Acinetobacter baumannii infections in Amazon Region driven by extensively drug resistant international clones, 2016-2018.

BACKGROUND: Acinetobacter baumannii is a leading cause of nosocomial infections. This species is characterised by the presence of pandemic lineages (International Clones) that present a broad antimicrobial resistance profile.
OBJECTIVE: To perform the molecular epidemiology of carbapenem-resistant A. baumannii from a clinical setting in the Amazon Basin, and to characterise their antimicrobial resistance determinants.
METHODS: The genetic relationship of carbapenem-resistant A. baumannii were assessed by pulsed-field gel electrophoresis (PFGE) and multilocus sequence typing (MLST). Class A, B and D β-lactamase genes were screened by polymerase chain reaction (PCR) and sequencing. The antimicrobial susceptibility profile was obtained by Disc-diffusion method and minimum inhibitory concentration (MIC) determination.
FINDINGS: All carbapenem-resistant A. baumannii strains belonged to three international clones, IC-1, IC-5 and IC-6, the latter recently reported by the first time in Brazil. The major determinant of carbapenem resistance in IC-1 and IC-5 strains was bla OXA-23, associated with ISAba1 and ISAba3, respectively, while IC-6 harboured the bla OXA-72.
CONCLUSIONS: The A. baumannii epidemiology in Brazilian Amazon Region was unknown. It was demonstrated that A. baumannii XDR international clones were responsible for nosocomial infections in Boa Vista during 2016-2018, revealing that the epidemiological scenario of A. baumannii infections in Amazon Region resembles those from the cosmopolitan regions worldwide.

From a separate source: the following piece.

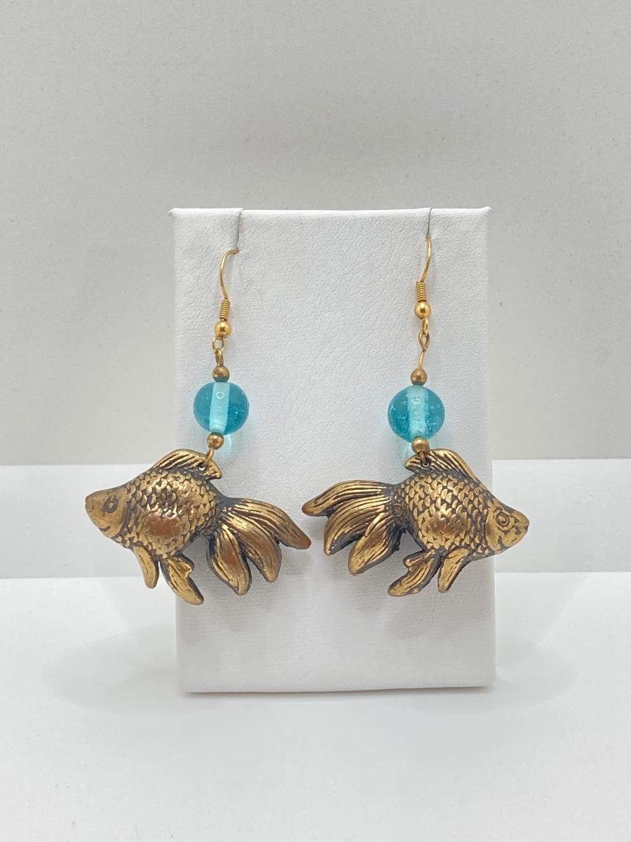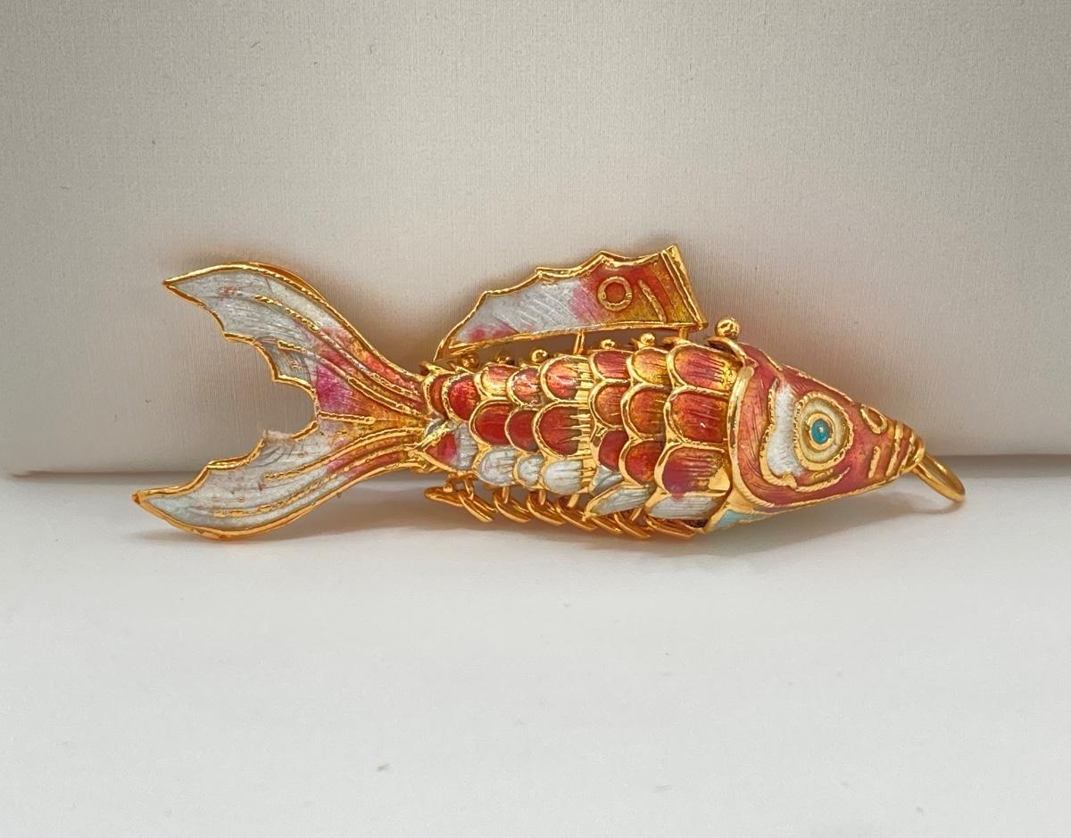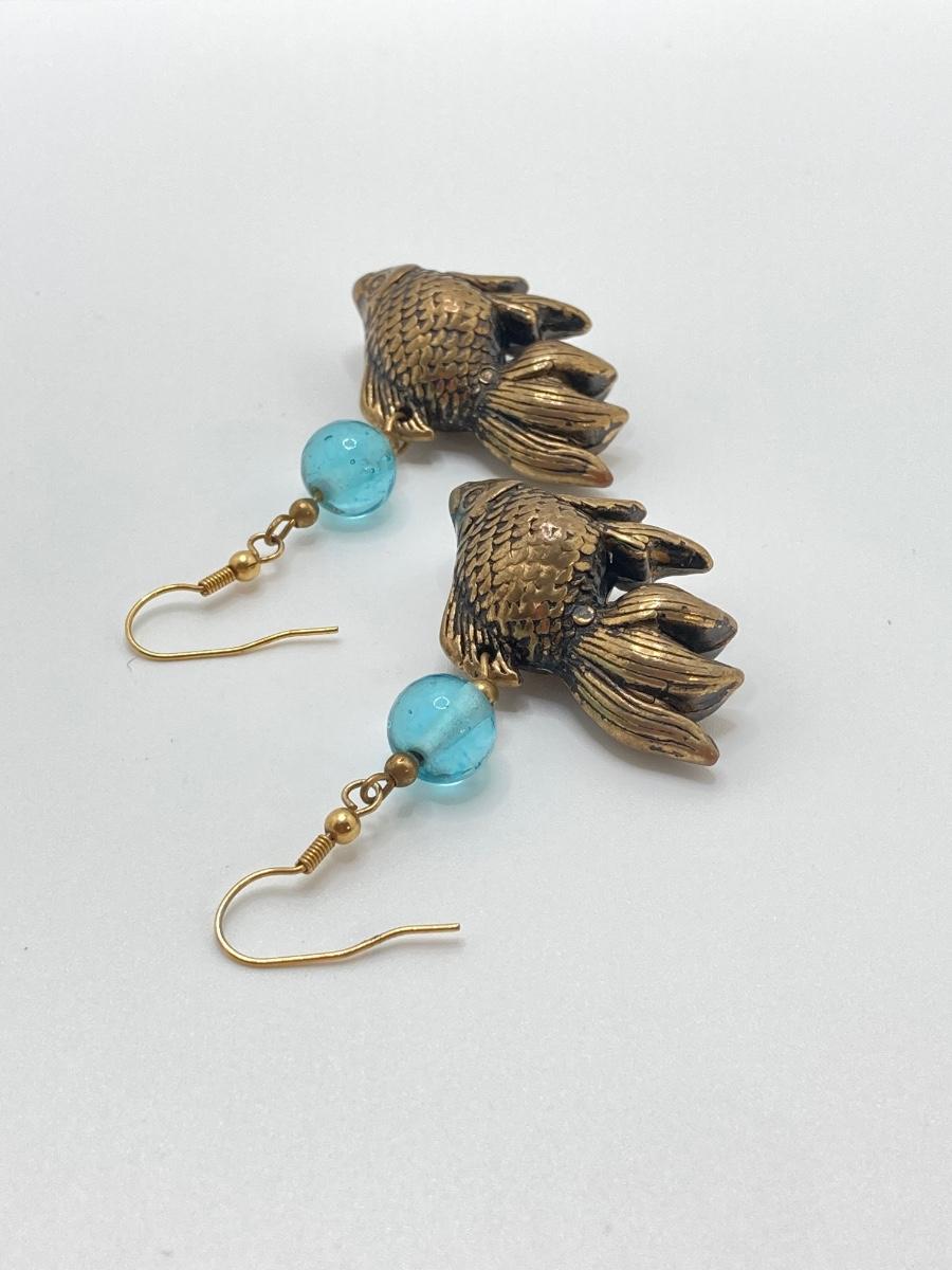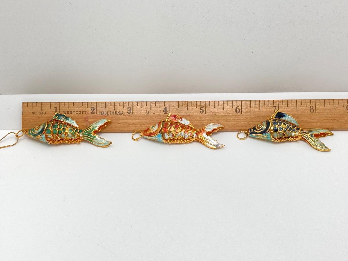 LOT 82: Gold Tone Necklace with Set of Articulated Fish Pendants and Pair of Dangling Bronze Tone Fish Earrings

Acinetobacter baumannii has emerged in recent years as a leading cause of nosocomial infections associated with a longer hospital stay and higher mortality, representing a public health problem of major concern worldwide. A. baumannii presents the long-term ability to survive on inanimate surfaces, and this persistence seems to contribute to its person-to-person transmission, intra- and inter-hospital outbreak spread, and national and international clonal dissemination. Additionally, this species is characterised by remarkable capabilities for the acquisition of antibiotic resistance genes (ARGs). High-risk pandemic lineages, named international clones (ICs), presenting high capacity to persist in clinical environments and a broad antimicrobial resistance profile have been associated with outbreaks in several cosmopolitan regions around the world. ,

Carbapenem resistance is a major therapeutic concern in Acinetobacter and it is usually mediated by carbapenem-hydrolysing class D β-lactamase (CHDL) from OXA Family, such as bla OXA-23-like, bla OXA-58-like, bla OXA-24-like, bla OXA-143 and bla OXA-235. , , In Brazil, the carbapenem resistance rates are around 80.7% as a consequence of bla OXA-23 dissemination by some pandemic lineages, such as those from CC15, CC79 and CC1 (international clone IC-1). , , The bla OXA-23 is frequently found downstream the ISAba1 sequence, which accounts for its mobilisation and supports its overexpression due to the presence of a strong promoter. , ,

The epidemiology of clinical A. baumannii and its antibiotic resistance determinants are concentrated in densely populated cosmopolitan cities from the South and Southeast Brazilian regions. , , Considering that Brazil is a country with continental dimensions and with contrasting demographical features, it is crucial to gain insights about the epidemiological scenario and the dynamics of carbapenem resistance in other geographical regions outside these cosmopolitan sites.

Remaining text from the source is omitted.